(DATASET CONTENT)
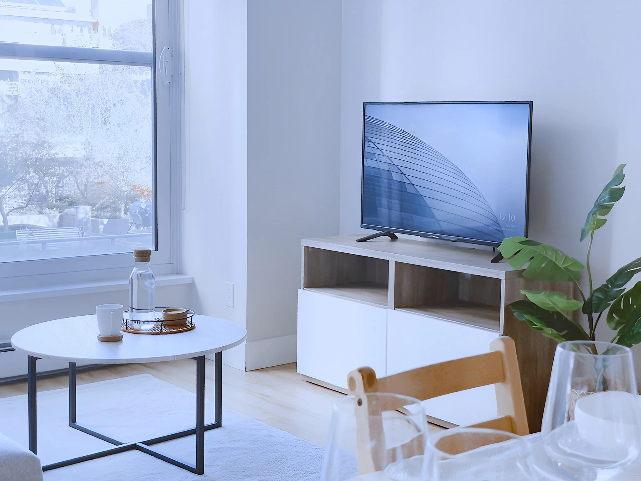 Our living area is simple – a sofa, coffee table, a smart TV and a large north-facing window; perfect for a group of friends or family to gather round and spend quality time.
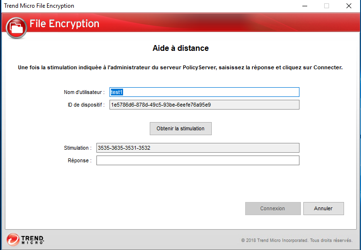 L'aide à distance permet aux utilisateurs de réinitialiser un mot de passe oublié ou un compte verrouillé. Tout utilisateur Endpoint Encryption dont le compte a été verrouillé ou qui a oublié le mot de passe du compte doit réinitialiser le mot de passe avant de pouvoir se connecter à un périphérique Endpoint Encryption. L'aide a distance requiert que l'utilisateur contacte le Centre d'assistance pour obtenir une réponse à la stimulation. L'aide à distance ne nécessite pas une connexion réseau à PolicyServer.
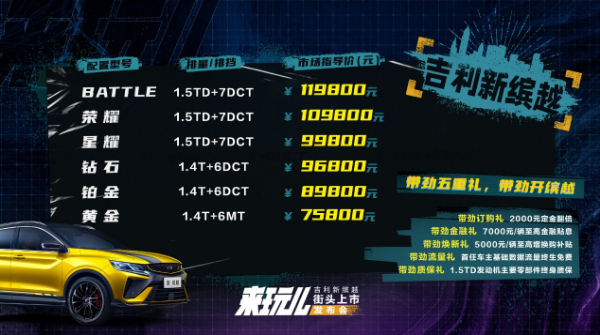 为了让年轻人轻松拥有科技新潮的专属座驾,新缤越最大化客户权益,带来五重带劲大礼:2000元定金翻倍带劲订购礼、7000元/辆至高金融贴息带劲金融礼、5000元/辆至高增换购补贴带劲焕新礼、首任车主基础数据流量终生免费带劲流量礼和1.5TD发动机主要零部件终身质保的带劲质保礼。
(End DATASET CONTENT)
- [TASK DETAILS]:
Please retype the data exactly. The pictures do not go in.

- [ANSWER TO THE EXERCISE]:
 Our living area is simple – a sofa, coffee table, a smart TV and a large north-facing window; perfect for a group of friends or family to gather round and spend quality time.
 L'aide à distance permet aux utilisateurs de réinitialiser un mot de passe oublié ou un compte verrouillé. Tout utilisateur Endpoint Encryption dont le compte a été verrouillé ou qui a oublié le mot de passe du compte doit réinitialiser le mot de passe avant de pouvoir se connecter à un périphérique Endpoint Encryption. L'aide a distance requiert que l'utilisateur contacte le Centre d'assistance pour obtenir une réponse à la stimulation. L'aide à distance ne nécessite pas une connexion réseau à PolicyServer.
 为了让年轻人轻松拥有科技新潮的专属座驾,新缤越最大化客户权益,带来五重带劲大礼:2000元定金翻倍带劲订购礼、7000元/辆至高金融贴息带劲金融礼、5000元/辆至高增换购补贴带劲焕新礼、首任车主基础数据流量终生免费带劲流量礼和1.5TD发动机主要零部件终身质保的带劲质保礼。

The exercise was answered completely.